Activity:
The answer must be an exact copy of the lines from the one with "La vasque est" through the final line below, with no pictures and nothing else.

──────── Data supplied

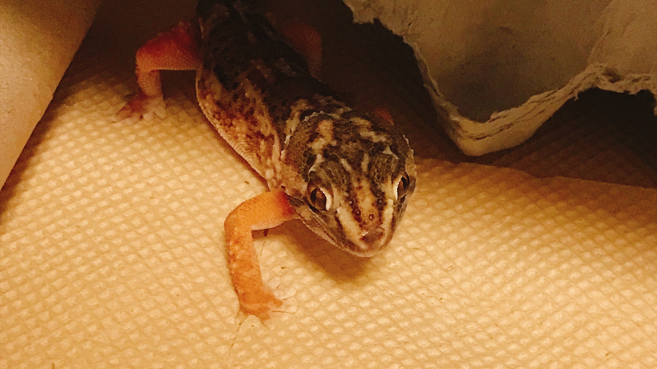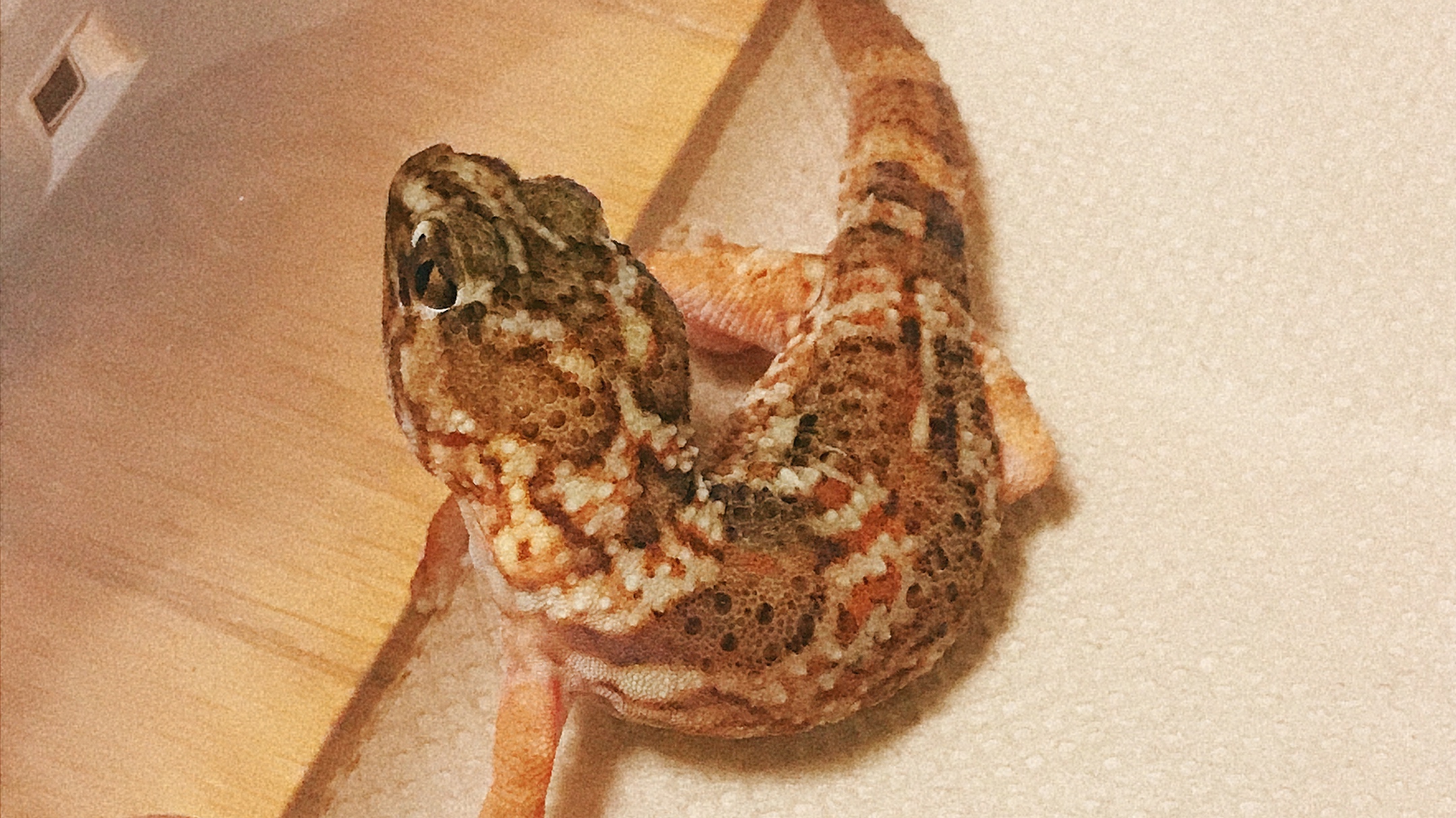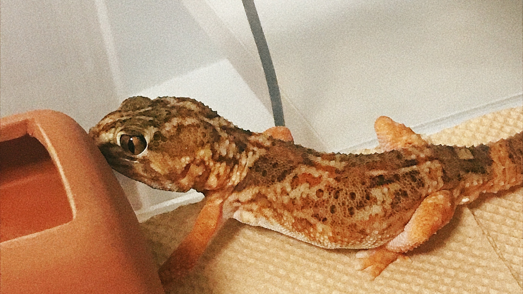 생긴 건 제가 보기에는 다람쥐를 많이 닮은 것 같아요. 먹성은 항상 좋아서 이제는 살도 통통히 오르고 겨드랑이에도 칼슘 주머니가 좀 생기는 듯합니다. 잘 먹는 만큼 잘 싸는데 크레스티드 게코나 헬멧티드 게코, 에이미아이는 밥을 먹고 나면 바로 싸는데 앙굴리퍼는 바로 싸지는 않아요. 대신 한번 쌀 때는 크레 똥 2배에서 2.5배 정도 크게 싸는 거 같아요. 그리고 크레스티드 게코는 여기저기 싸는 반면 앙굴리퍼는 항상 정해진 장소에 배변을 하는 듯해요. 앙굴리퍼 게코의 다른 명칭이 Nambid sand gecko이기도 하고 지금은 분양자분 추천으로 베이비 임팩션을 예방하기 위해 키친타월에서 사육을 하고는 있지만 좀 더 크면 사막 모래를 깔아줄 생각인데요.
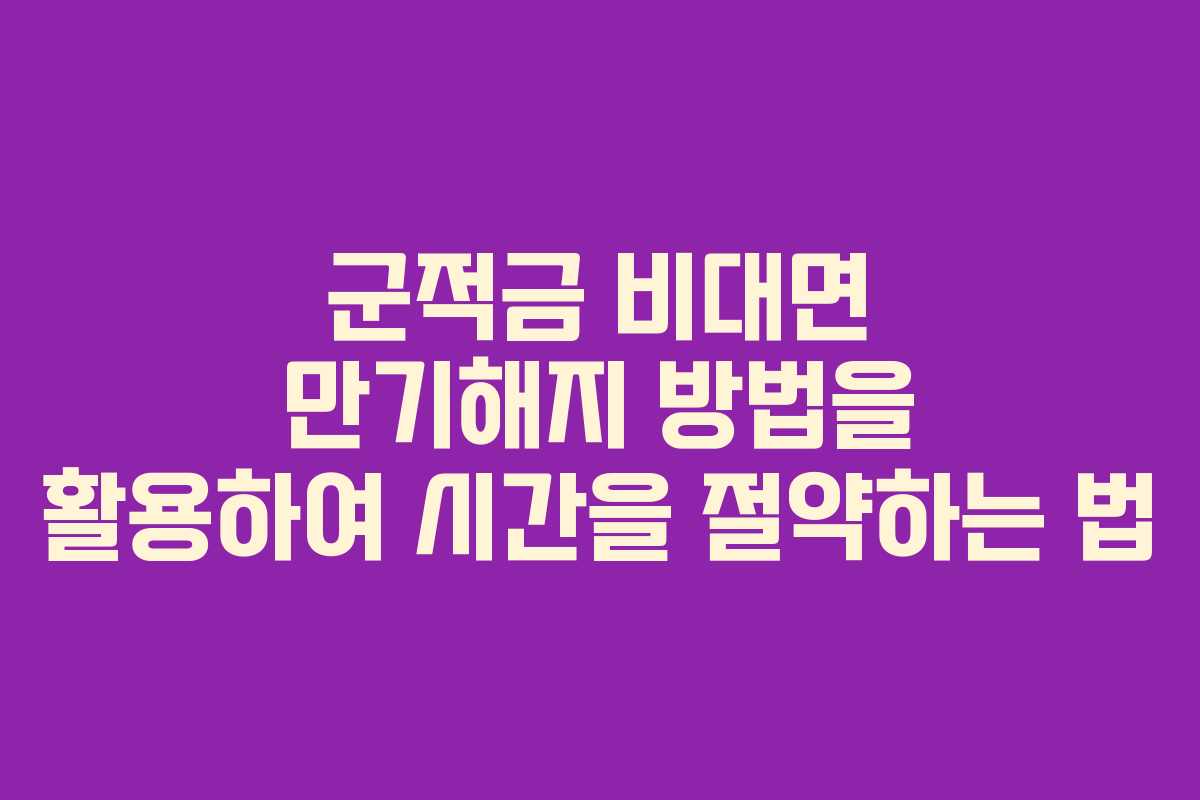군적금 비대면 만기해지 방법을 활용하여 시간을 절약하는 법
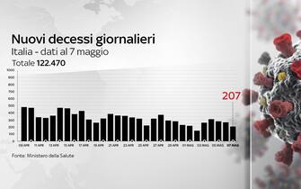 Le vittime registrate in 24 ore sono 207, in calo rispetto al giorno precedente (258). I morti dall’inizio della pandemia sono 122.470
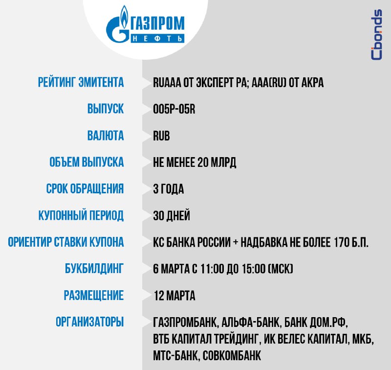 #Премаркетинг ⛽️ «Газпром нефть», 005Р-05R (не менее 20 млрд) Сбор заявок – 6 марта с 11:00 до 15:00 (мск), размещение – 12 марта. 📝Облигационный долг (вкл. ЦФА) Эмитента: 635.5 млрд руб., 4.25 мл
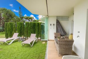 From the living room, step directly onto your private terrace, through the private garden, and straight to the pool. Just 50 metres further is the beach. The apartment faces the sea, providing open views and an unbeatable atmosphere.
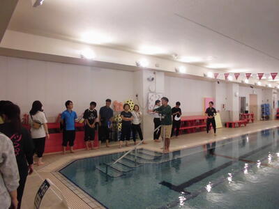 6年生は、プールサイドに行く前に、室内での動きや準備体操の隊形等について説明を受けました。
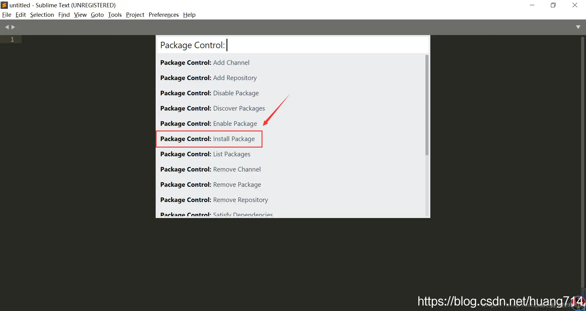 在preferences下点击package control,可以看到下面出现install package,点击之后弹出新的文本框,在文本框里输入我们想要安装的插件名称回车就可以安装了。
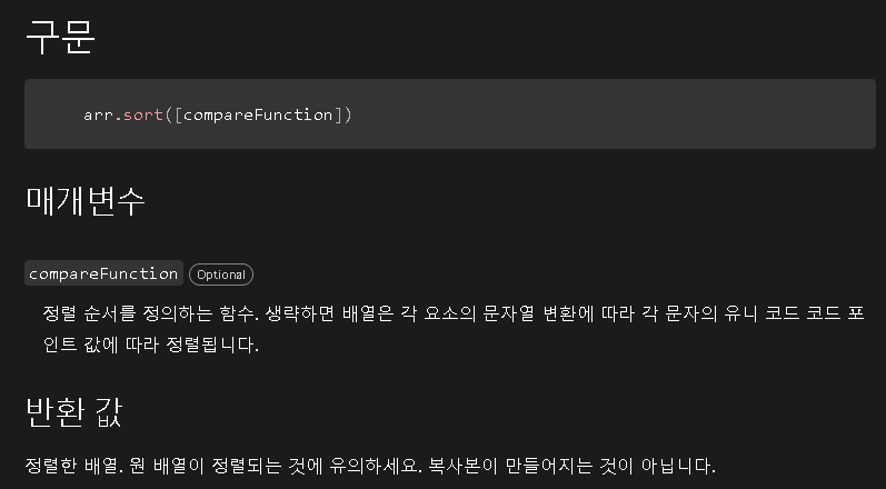 (sort()에 값을 넣지 않으면 유니코드 포인트값에 따라 정렬함)
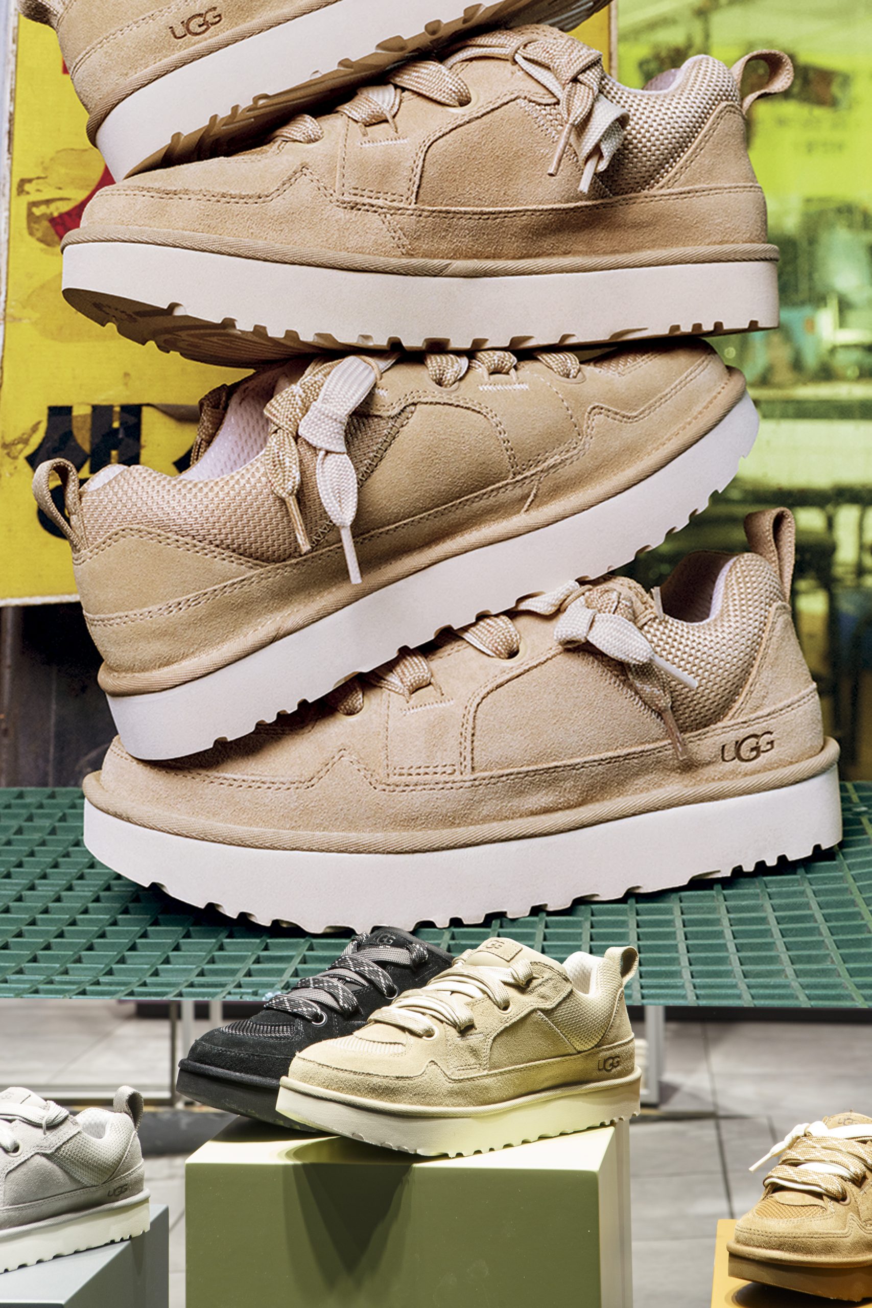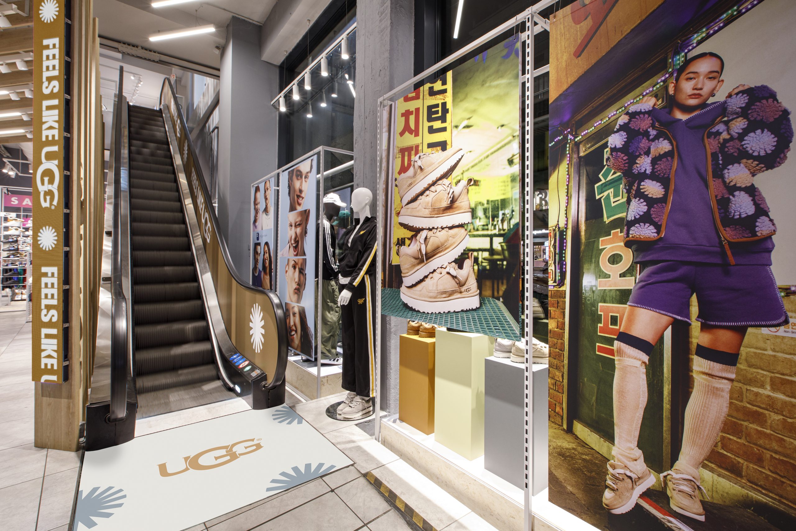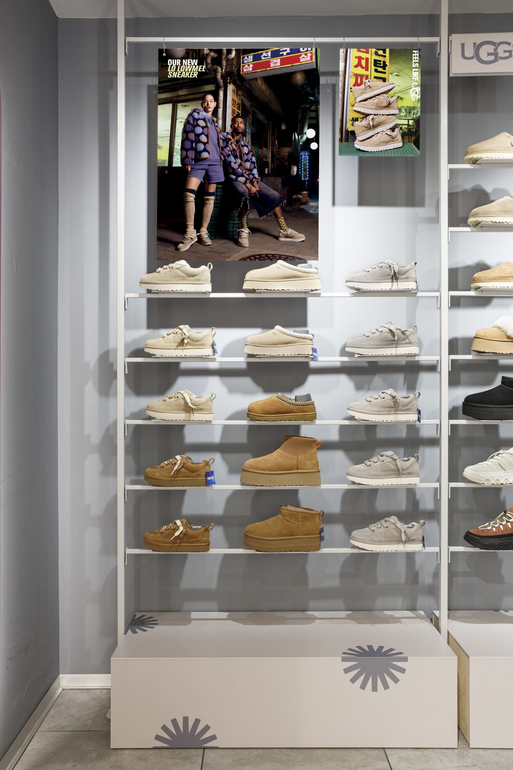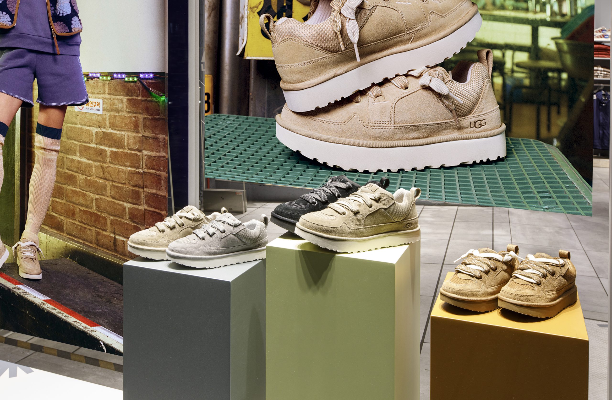 Per le vetrine dei flagship store AW LAB, abbiamo realizzato un allestimento su misura per UGG, combinando design e materiali di alta qualità:
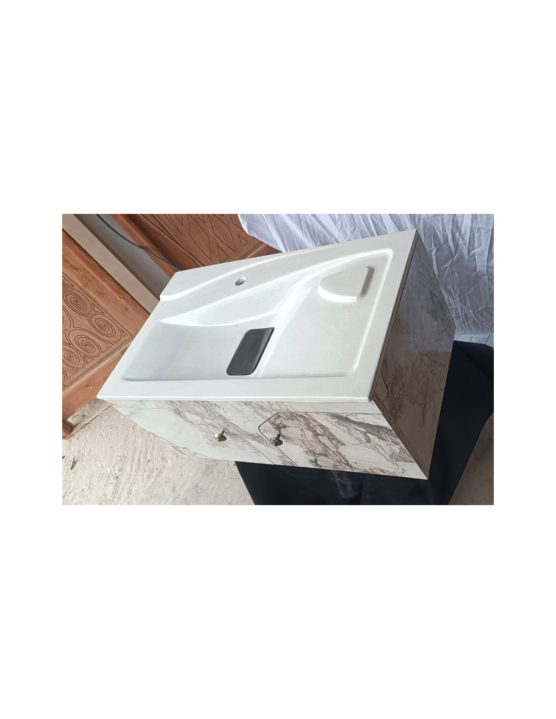 La vasque est accompagnée d’un meuble suspendu effet marbre noir, apportant une touche élégante et luxueuse à votre salle de bain. Ce meuble, robuste et pratique, est équipé de rangements fonctionnels et d’un design inspiré des tendances contemporaines.
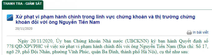 Ngày 20/11/2020, Ủy ban Chứng khoán Nhà nước (UBCKNN) đã ký ban hành quyết định xử phạt vi phạm hành chính đối với ông Nguyễn Tiến Nam (Địa chỉ: Số 17, ngõ 29, phố Đội Nhân, phường Vĩnh Phúc, quận Ba Đình, TP. Hà Nội).

────────────────

Answer section:
 La vasque est accompagnée d’un meuble suspendu effet marbre noir, apportant une touche élégante et luxueuse à votre salle de bain. Ce meuble, robuste et pratique, est équipé de rangements fonctionnels et d’un design inspiré des tendances contemporaines.
 Ngày 20/11/2020, Ủy ban Chứng khoán Nhà nước (UBCKNN) đã ký ban hành quyết định xử phạt vi phạm hành chính đối với ông Nguyễn Tiến Nam (Địa chỉ: Số 17, ngõ 29, phố Đội Nhân, phường Vĩnh Phúc, quận Ba Đình, TP. Hà Nội).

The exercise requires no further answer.